■ What the task requires ■
Transcribe the data underneath exactly. No images belong in your version.

■ Data block ■
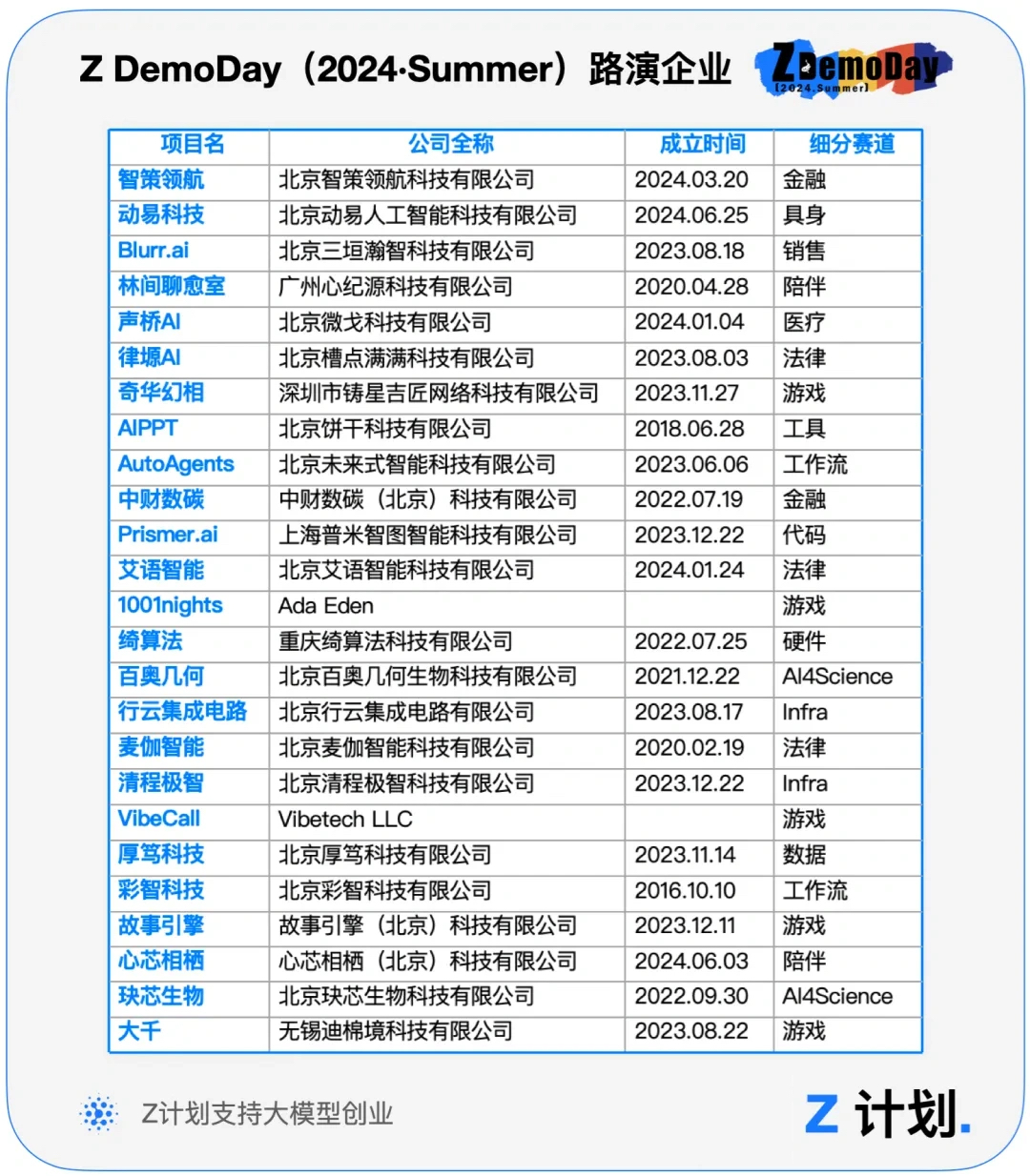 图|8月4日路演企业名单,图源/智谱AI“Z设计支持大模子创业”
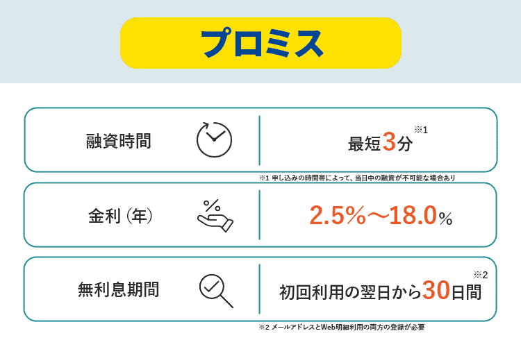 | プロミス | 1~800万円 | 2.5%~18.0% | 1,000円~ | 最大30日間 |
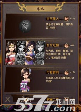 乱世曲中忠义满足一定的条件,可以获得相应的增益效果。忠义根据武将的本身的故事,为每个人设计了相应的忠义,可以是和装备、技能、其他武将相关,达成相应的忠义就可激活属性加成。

■ Response to the exercise ■
 图|8月4日路演企业名单,图源/智谱AI“Z设计支持大模子创业”
 | プロミス | 1~800万円 | 2.5%~18.0% | 1,000円~ | 最大30日間 |
 乱世曲中忠义满足一定的条件,可以获得相应的增益效果。忠义根据武将的本身的故事,为每个人设计了相应的忠义,可以是和装备、技能、其他武将相关,达成相应的忠义就可激活属性加成。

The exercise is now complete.